A range of neuroanatomical and neurological entities are named after him: the Rolandic vein, the Rolandic artery (central sulcal artery), the pre-Rolandic artery (precentral sulcal artery), the Rolandic operculum (post-central operculum), the Rolandic area (primary motor cortex), the substantia gelatinosa of Rolando, the fissure of Rolando (central sulcus) and Rolandic epilepsy.

== Written works ==
- Saggio sopra la vera struttura del cervello dell'uomo e degli animali e sopra le funzioni del sistema nervoso, (1809) – Essay on the brain structure of humans and animals, and functions of the nervous system.

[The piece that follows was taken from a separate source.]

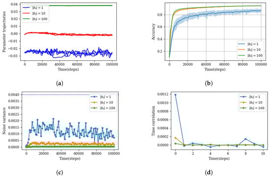 This experiment contrasts the parameter dynamics with three different mini-batch sizes: , and . The model under consideration is a four-layer feedforward neural network with a uniform width of 200 neurons. It was trained on the MNIST classification task using a vanilla SGD optimizer. The experiment was replicated over 50 trials to generate an ensemble of parameters. (a) One random parameter from the model’s last layer was chosen for each batch size scenario, and four of its dynamic realizations are depicted. (b) Illustration of both the average accuracy (solid line) and the variance in accuracy within the ensemble (shaded area), emphasizing the low-variance condition, which asserts that macroscopic quantities such as accuracy have low variance statistics across the ensemble. (c) The noise variance averaged over all parameters (i.e., ) for each mini-batch size scenario, underscoring the stationary nature of . This part also highlights the role of the mini-batch size in determining the noise width (i.e., the temperature of the environment). The horizontal dashed line indicates the maximum absolute value observed from , serving as a reference point for the magnitude of the noise. (d) The autocorrelation of the term averaged over all parameters. For instance, computing this quantity at step 1000 reads as follows: . The rapid decline in autocorrelation with time lag indicates the white noise characteristic of .

- Inductions physiologiques et pathologiques sur les differentes espèces..., (translation into French by Antoine Jacques Louis Jourdan, François Gabriel Boisseau), 1822
- Ricerche anatomiche sulla struttura del midollo spinale, (1824) – Anatomical structure of the spinal cord.
- Saggio sopra la vera struttura del cervello e sopra le funzioni del sistema nervoso; Volumes 1–2, 1828
- Manuale di anatomia fisiologica, (1829) – Textbook of physiological anatomy.
- Della struttura degli emisferi cerebrali (1830) – Structure of the cerebral hemispheres.